Visiting the Patriots’ Training Camp

A trip to the reigning Super Bowl champions' training camp prior to the weekend revealed very little. Still, there were some interesting notes.

For one, the Patriots training camp had very few players of whom I'd never heard. Usually, a training camp is good for a player or two from a small school, a player only diehards know of, that sort of thing. But, I knew this crowd, oddly, by name, and in most instances, by reputation. Still, the father and his 7-year-old on the bleacher in front of me perfectly explained the nature of training camp in this exchange:

Boy: Dad, who's No. 5?
Dad: (Scanning the roster) Oh, just a guy who's not going to be on the team.

To be sure, Dad is right on. No. 5 that day was Cody Scates, a rookie punter/kicker who has no chance of making the roster with Patriots Kicker Adam Vinatieri placekicking and kicking off, and offseason signee Josh Miller doing the Pats' punting.

Watching the second offense operate with a quarterback rotation including third-year Rohan Davey, recent signee Kurt Kittner, and second-year Kliff Kingsbury, there were some notes worth mentioning. First, of the three, Davey was superior by leaps and bounds. This isn't news, necessarily, but he really stood out to this viewer, anyway.

Kittner, who's been cut since I attended a practice, looked like he would be cut. Under similar duress as Davey, he couldn't find a receiver. He routinely dumped the ball off to his safety valve. In short, he wasn't cutting it. Kingsbury had one recurring problem: the out pattern. He was either floating balls to the sideline in uncatchable places, or planting the ball at his receivers' feet on the outs. He found his middle receivers at short and intermediate depths fine, but just could not complete an out pattern. Definitely third-string material, if that.

Another note, not quarterback-related, regarded how the Pats used the fullback position, and Patrick Pass in particular. He was lining up short in the standard I-formation, and then motioning to an H-back position off the left tackle, and from there, moving right with the snap, each time the receiver, wide open, in the flat. An offensive wrinkle to beware of in the preseason? Moving fullbacks? Interesting stuff.

More interesting to me was the presence of Malaefou Mackenzie, in his second year from Southern California. Mackenzie lined up deep in the I in the tailback position on one play, at fullback in another, and wide left on yet another. Indeed, as both the fullback in motion (as described above) and the sideline receiver on an intermediate route, Mackenzie showed that he has hands.

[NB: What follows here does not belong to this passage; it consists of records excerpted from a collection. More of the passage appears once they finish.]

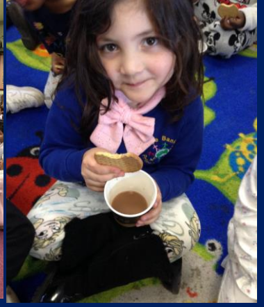
We all had a 'bedtime story' with hot chocolate!
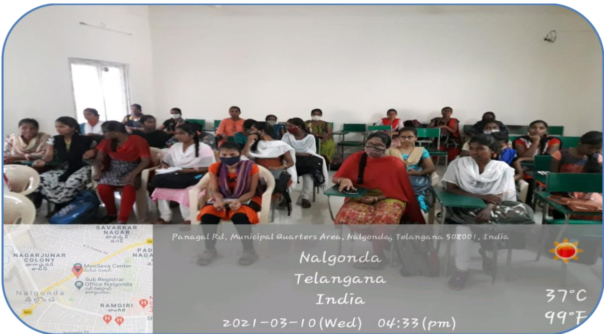
volunteers in Savitribai Phule vardhanthi
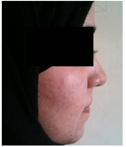
Fig.(4): patient with acne vulgaris after the treatment by PDL.
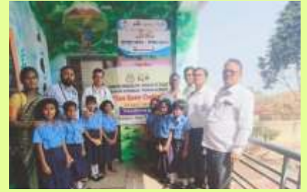
School health check up
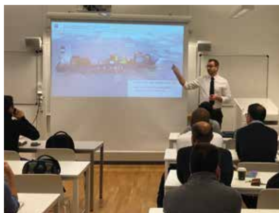
Presenting to students at the World Maritime University, February 2019
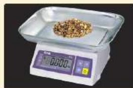
Fish tray ▲
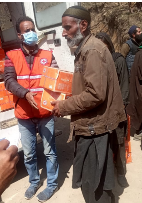
Distribution of hygiene kits, Jammu
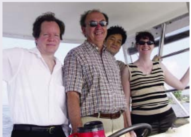
The faculty went on a retreat in Slidell, LA in August 2008. Above are some photos of a boat ride we took while discussing the program.
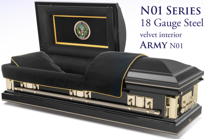
N01 SERIES 18 Gauge Steel velvet interior ARMY N01
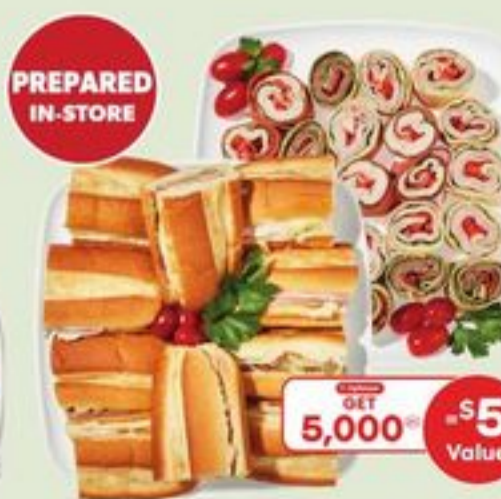
SANDWICH OR WRAP PLATTERS PREPARED IN-STORE 1.2-1.7 KG 21218193_EA 21558135_EA

It seems unlikely that there is room for him on the roster, but a player who exhibits ability at several positions may sneak onto the roster, and perhaps even into the game plan.

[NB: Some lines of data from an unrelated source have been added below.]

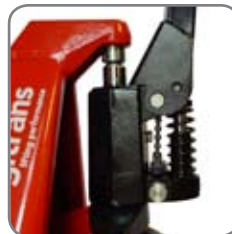
Permanent quick lift.
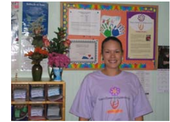
Little People Daycare
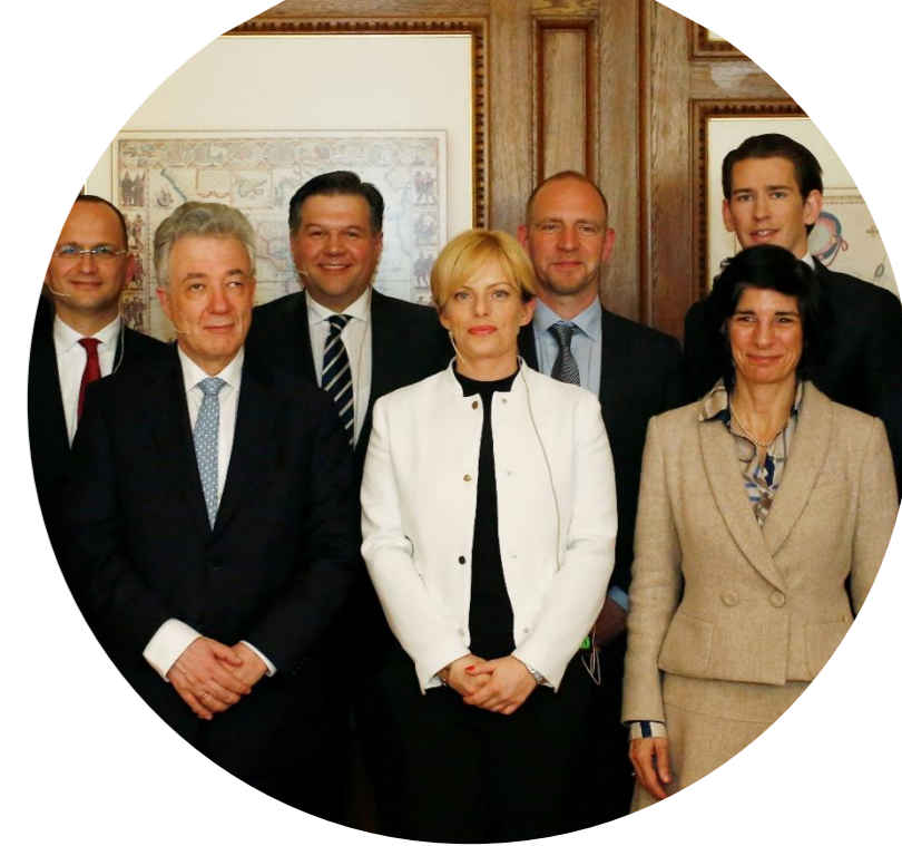
BiEPAG with Austrian and Western Balkans Foreign Ministers, 2016
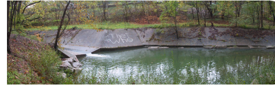
The existing channelized and polluted 9 Mile Run
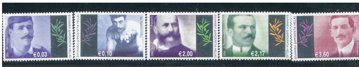
Figure 11. Stamp in honour of Kostis Tsiklitis, edited in 2004
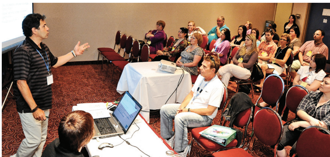
The delegates met in small groups for a workshop on "An organization adapted to the needs of the members" in order to discuss and reflect on the ways to bring the Federation even closer to its members.
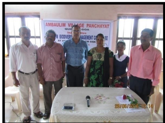
Ambaulim BMC members
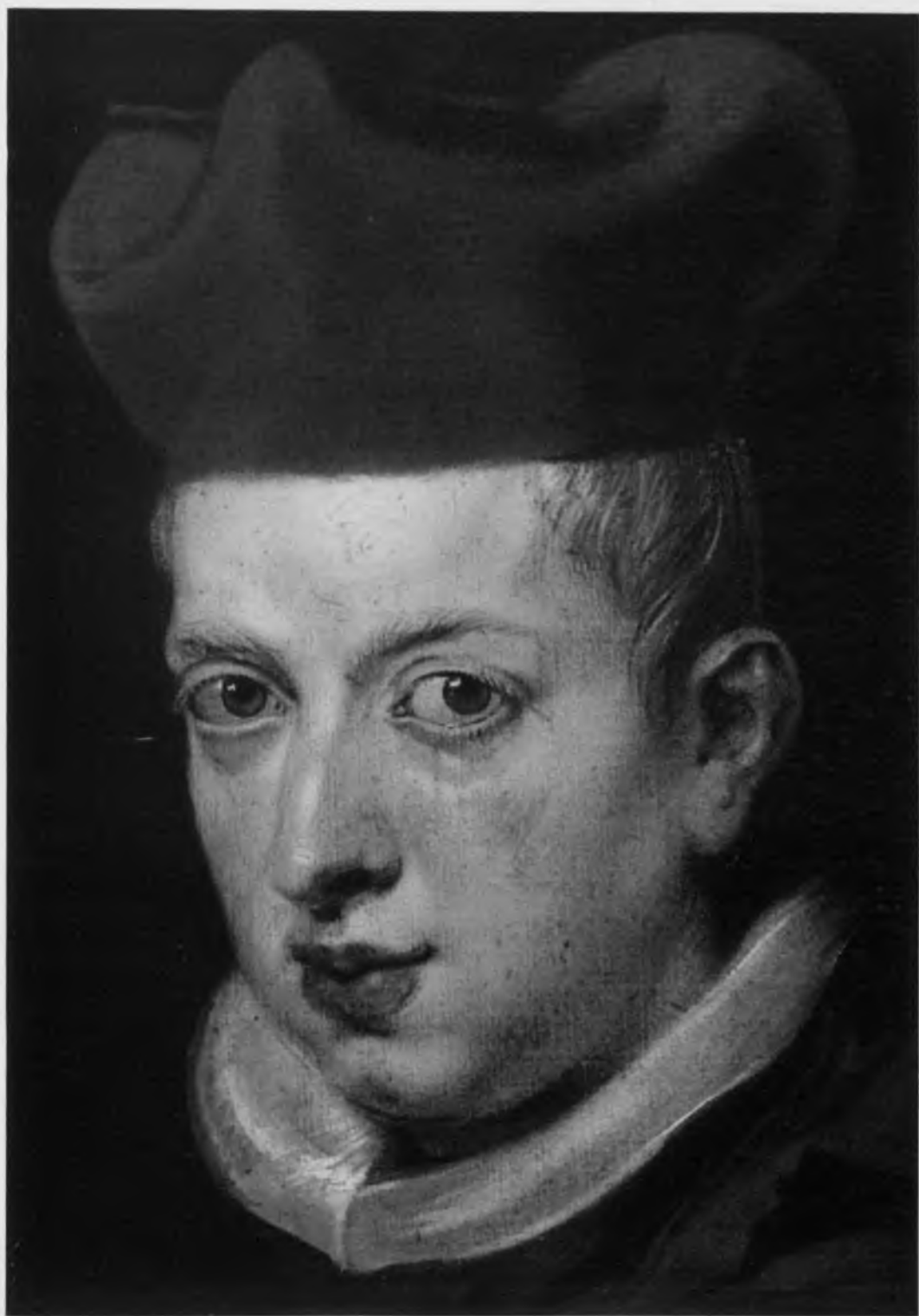
60. Detail of Fig. 61

Unfortunately, I didn't get to see much happen with the defense, whether by a strange coincidence that they working far away from me much of the time, or that I was intrigued by the offensive wrinkles being used and trying to determine just how many receivers the Pats would actually keep on the roster. They currently have too many, but could use them all.

Elsewhere in the National Football League, a could-of-been-great running back retires because he enjoys pot too much to give it up? Worse news for South Florida football fans, their behemoth of a receiver, David Boston, is out for the season. And, news from the Dolphins training camp seems to just get worse every day, with players complaining about the offensive system, and neither Jay Fiedler nor A.J. Feeley proving to anyone that they want to be the starting quarterback.

Being that my days are spent in AFC East territory, it's with some suspicion that I view the relative silence coming from the Buffalo Bills training camp. Early talk centered around a rejuvenated Drew Bledsoe, but little has made the national stage, or even the regional stage, since. Perhaps they've simply been drowned out by the toilet flushing on the Dolphins' season.